Done up on the lathe for centering, but shown here on a screwdriver for no particular reason. The collar at the top will engage the motor output shaft, the bottom piece is the center part of the clutch disk (with the splines). The wedding cake of sprockets came out of the parts bin.

Step 3. A few other updates.

Hacked-together cable clamp for the parking brake, right rear.

The stepped disk at the top is what's left of the original bolt head, cut and drilled. The screw itself is drilled for the parking brake cable to pass through. It took some time to make this... stupidity tax for breaking the original.  (Right side came of so easily that I was not cautious when I went after the left.)

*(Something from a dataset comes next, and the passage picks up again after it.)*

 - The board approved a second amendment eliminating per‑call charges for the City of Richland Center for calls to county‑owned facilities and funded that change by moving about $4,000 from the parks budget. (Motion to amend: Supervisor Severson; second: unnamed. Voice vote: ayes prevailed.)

43 years flat; inner tube stem detail.

New tires and rims coming! This is one of the old tires, a 10x4.8 instead of 4.4 (as should be fitted).

1" lifts.

Shed 120 lbs of motor, but I still have about 500lbs of lead-acid batteries in the back. These 1" spacers make the back of the car the same height as the front.

The business end.

How it looks now, including the fuse.

Battery covers.

The plywood aesthetic continues, but with sanding and varnish.

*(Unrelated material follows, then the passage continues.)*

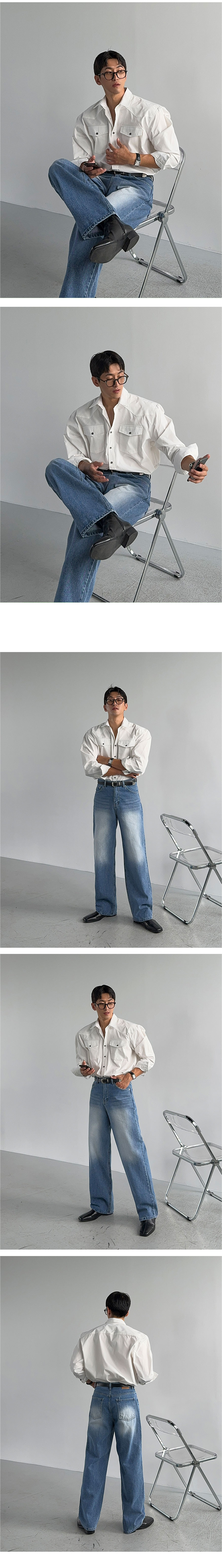각을 살려주는 원단과 웨스턴 디자인으로 남성적인 무드를 담은 셔츠.

Three of the six batteries.

Each battery stores, nominally, 1.99 kWh of energy.

Refinished floors.

I purchased replacement floor pans from Larry in TN, but I haven't come even close to starting the bodywork required. For now, the professor's plywood stays... but with a quick smoothing and a couple coats of polyurethane.

New whitewalls on refinished rims.

I got a new set of rims from Tom and Anna. Wire-wheeled, primed and painted, then off to my local garage for the installation of tubes and tires. Beautiful.

And stainless hubcaps!

Also from Larry in TN, a set of four hubcaps! Larry believes that this particular Vespa was owned by a guy he knows when that guy lived in CT and bought it from a Connecticut dealership. This belief is on the evidence of the peculiar splice in one of the rear half shafts. (Read about it and see it back in Part V.) Pretty cool, if true! There's a "Boston Vespa" sticker visible through the red overspray, too... the other leading contender for origin.

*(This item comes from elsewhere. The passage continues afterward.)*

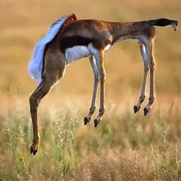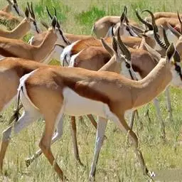 跳羚是哺乳纲、偶蹄目、牛科哺乳动物,属于中型的羚羊。四肢细长;背面毛色黄褐,…

Some range estimating: I took a two-mile neighborhood ride the other day with data loggin running. The sampling interval varies around 0.67s. The simple assumptions that voltage and current are constant during each interval, I calculate that the total energy withdrawn was 0.63 kWhr from the pack, or a little more than 5% of the total available. So: 40 miles for modest driving. I'll get out and do some greater distance at higher speeds soon, get more (and more relevant) data. In short, though, if I were able to get 20-25 miles, I'd be good!